3. Déchirer la toile et en finir avec le réalisme
Le refus de l’illusion réaliste dans le théâtre de B se joue dans l’écriture des indications scéniques.
Les termes techniques (« lever de rideau », « plateau », « coulisse », « rampe », « auditoire », « fosse », « toile de fond ») rappellent au lecteur qu’il a affaire à un texte de spectacle, la scène est désignée comme un lieu de théâtre et non comme un analogon de la réalité. La voix mimétique est minée par le système grammatical de l’actualisation et par les phénomènes de dénudation ironique. B n’actualise pas les substantifs (« Route à la campagne, avec arbre », EAG, p9), lesquels restent à un niveau de généralité. Le lieu se maintient dans l’indéterminé, le non-référentiel. La « route » n’est pas un lieu identifiable, et elle est d’autant plus facilement reçue comme une métaphore du monde et de la vie. Le dialogue souligne l’abstraction : « On ne peut pas le décrire. Ca ne ressemble à rien. Il n’y a rien. Il y a un arbre » (EAG, p113).
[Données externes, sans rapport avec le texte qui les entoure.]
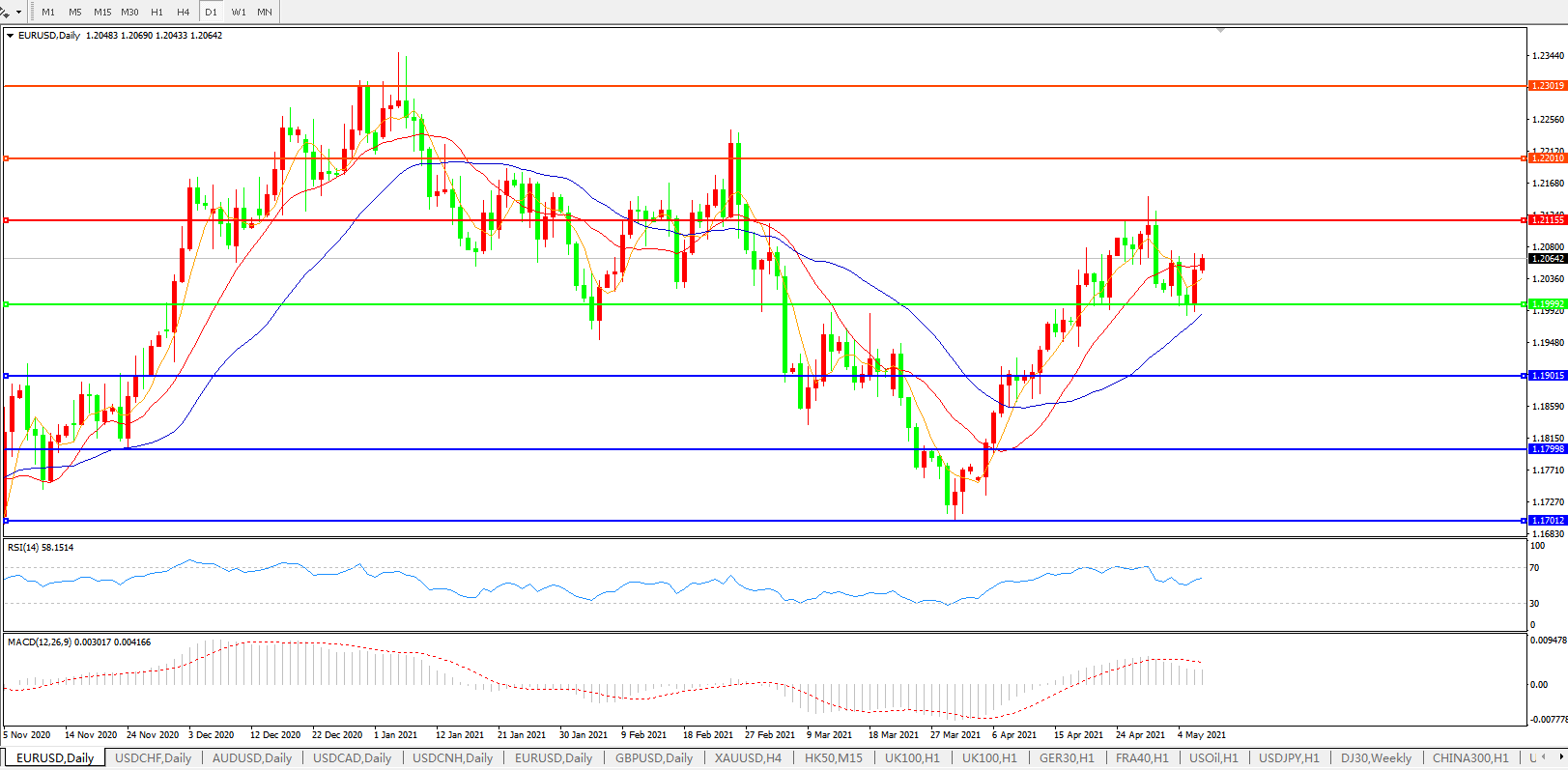备选策略:1.2000下方看跌,目标1.1900、1.1800
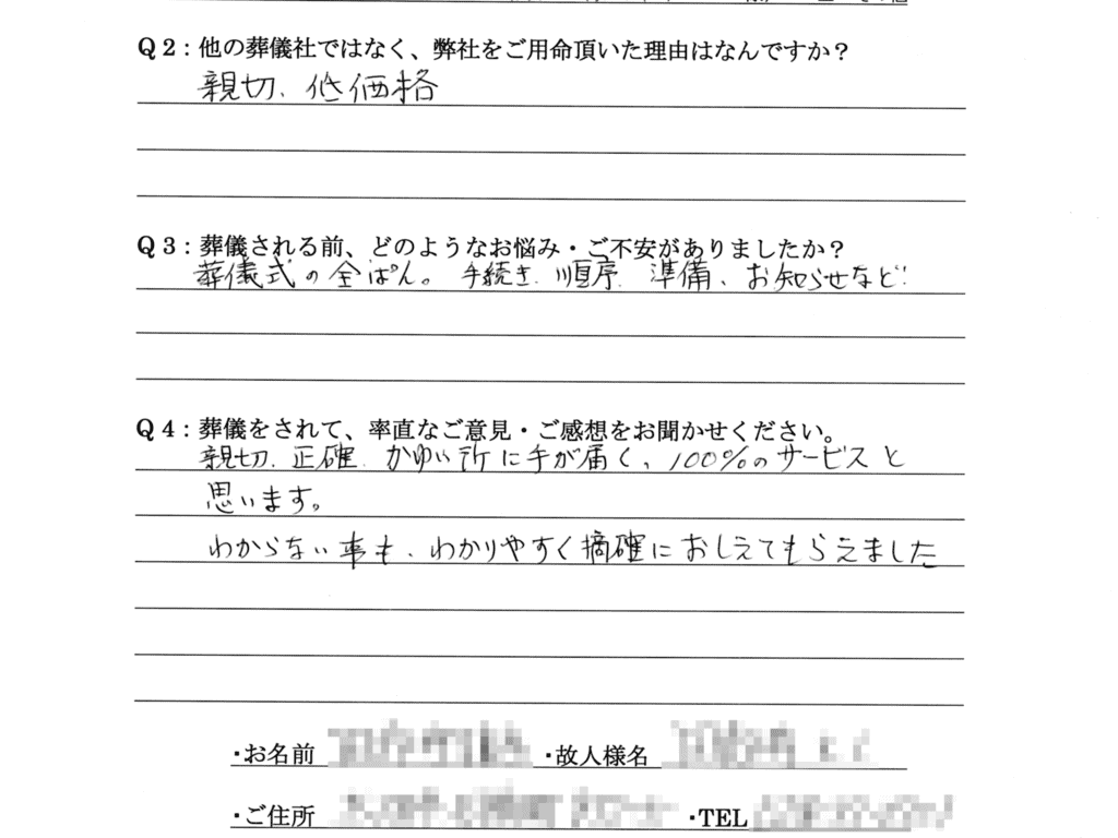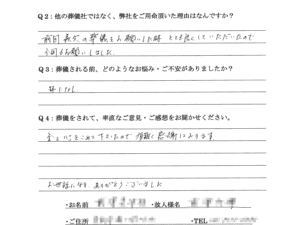 Q:他の葬儀社ではなく、弊社をご用命頂いた理由はなんですか。
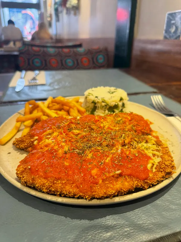 페이조아다 외에도 코르티소 카리오카에는 다양한 메뉴가 준비되어 있습니다. 특히, 치킨 파르메산(Chicken Parmigiana)은 많은 사람들에게 사랑받는 메뉴 중 하나입니다. 바삭하게 튀겨진 닭고기 위에 토마토 소스와 치즈를 듬뿍 얹어 오븐에 구워낸 치킨 파르메산은, 겉은 바삭하고 속은 촉촉한 식감이 일품입니다. 감자튀김과 샐러드와 함께 제공되어 푸짐하게 즐길 수 있습니다.

Il en va des objets comme des lieux. L’effacement des déterminants possessifs dans OBJ donnent l’impression que les objets que Winnie sort de son sac ne lui appartiennent pas (« elle déplie les lunettes […] elle chausse les lunettes » (p15). Les objets semblent appréhendés du point de vue de l’accessoiriste et non du point de vue du personnage. D’ailleurs, Winnie n’entre pas dans l’illusion réaliste et les désigne comme des accessoires de théâtre, indiquant qu’elle est une actrice en train de jouer un personnage (« L’ombrelle sera de nouveau là demain… », p46)
Les personnages se mettent à parler avec les mots techniques des didascalies : « En effet, nous sommes sur un plateau. Aucun doute, nous sommes servis sur un plateau » (EAG, p96).
L’irréalisme produit pareillement un mouvement de recul ironique. Dans OBJ, c’est l’ensemble du dispositif scénique qui se révèle improbable et de l’ordre du jamais-vu. Dans EAG, la tombée de la nuit est expédiée brutalement et la dévoile pour ce qu’elle est, une simple manipulation de projecteurs : « La lumière se met brusquement à baisser. En un instant il fait nuit » (p68).
Les didascalies jouent un rôle essentiel dans l’écriture dramatique. Elles contiennent ainsi les options dramaturgiques et esthétiques de l’auteur. Elles inscrivent la trace d’un point de vue sur le monde à représenter.